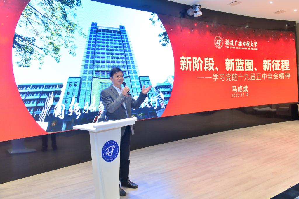 福建广播电视大学党委副书记马成斌以“新阶段、新蓝图、新征程”为题,为“专班”新生上第一堂课,宣讲党的十九届五中全会精神。他结合自身学习,从大会意义、新阶段新目标、在统筹国内国际两个大局中办好中国的事情、构建新发展格局和实现新发展目标等方面对党的十九届五中全会精神进行了深入浅出的阐述。他要求,“专班”学员今后要明确自己的前进方向和奋斗目标,做到学以致用,在平凡的岗位上做出不平凡的业绩,努力为环卫事业添砖加瓦。
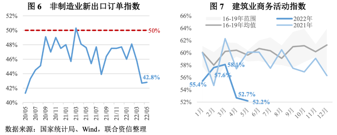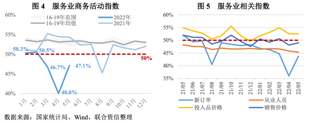 進一步觀察5月制造業PMI、非制造業商務活動指數相關分項指標,可以看到部分指標仍處于顯著收縮狀態,反映出相關行業經營狀況依然較差。
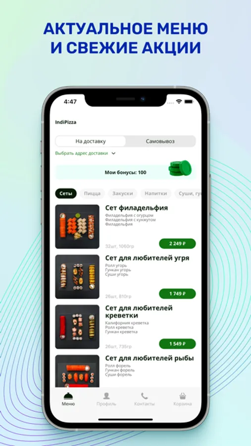 Мобильное приложение IndiPizza — это новый удобный способ заказать еду из любимого кафе. Попробовать наши пиццу, роллы или суши стало как никогда просто! В приложении для Вас доступны быстрый и удобный заказ еды, выгодная для Вас бонусная программа, всегда актуальное и красочное меню, аппетитные фото, акции и свежие новости, обратная связь и наши контакты!
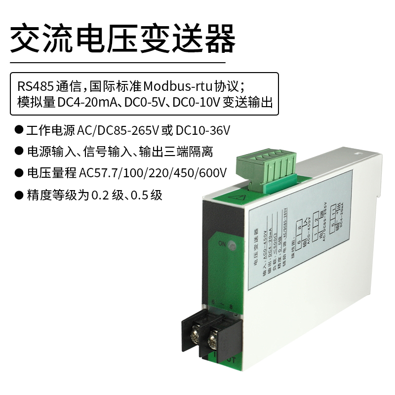 單相交流電壓變送器,是一種將電網(wǎng)中的電壓參數(shù),經(jīng)隔離變送成線(xiàn)性的直流模擬信號(hào)的裝置。模擬量可選:DC0~20mA、DC4~20mA、DC0~5V、DC0~10V等變送輸出。高精度測(cè)量單相交流電壓,精度達(dá)0.5%。RS485通信接口,采用國(guó)際標(biāo)準(zhǔn)Modbus-rtu通訊協(xié)議,可與各種PLC、HMI、組態(tài)軟件實(shí)現(xiàn)組網(wǎng)。

*The problem*. The listing above must be printed again exactly, minus its pictures.

*Response to this task*.
 福建广播电视大学党委副书记马成斌以“新阶段、新蓝图、新征程”为题,为“专班”新生上第一堂课,宣讲党的十九届五中全会精神。他结合自身学习,从大会意义、新阶段新目标、在统筹国内国际两个大局中办好中国的事情、构建新发展格局和实现新发展目标等方面对党的十九届五中全会精神进行了深入浅出的阐述。他要求,“专班”学员今后要明确自己的前进方向和奋斗目标,做到学以致用,在平凡的岗位上做出不平凡的业绩,努力为环卫事业添砖加瓦。
 進一步觀察5月制造業PMI、非制造業商務活動指數相關分項指標,可以看到部分指標仍處于顯著收縮狀態,反映出相關行業經營狀況依然較差。
 Мобильное приложение IndiPizza — это новый удобный способ заказать еду из любимого кафе. Попробовать наши пиццу, роллы или суши стало как никогда просто! В приложении для Вас доступны быстрый и удобный заказ еды, выгодная для Вас бонусная программа, всегда актуальное и красочное меню, аппетитные фото, акции и свежие новости, обратная связь и наши контакты!
 單相交流電壓變送器,是一種將電網(wǎng)中的電壓參數(shù),經(jīng)隔離變送成線(xiàn)性的直流模擬信號(hào)的裝置。模擬量可選:DC0~20mA、DC4~20mA、DC0~5V、DC0~10V等變送輸出。高精度測(cè)量單相交流電壓,精度達(dá)0.5%。RS485通信接口,采用國(guó)際標(biāo)準(zhǔn)Modbus-rtu通訊協(xié)議,可與各種PLC、HMI、組態(tài)軟件實(shí)現(xiàn)組網(wǎng)。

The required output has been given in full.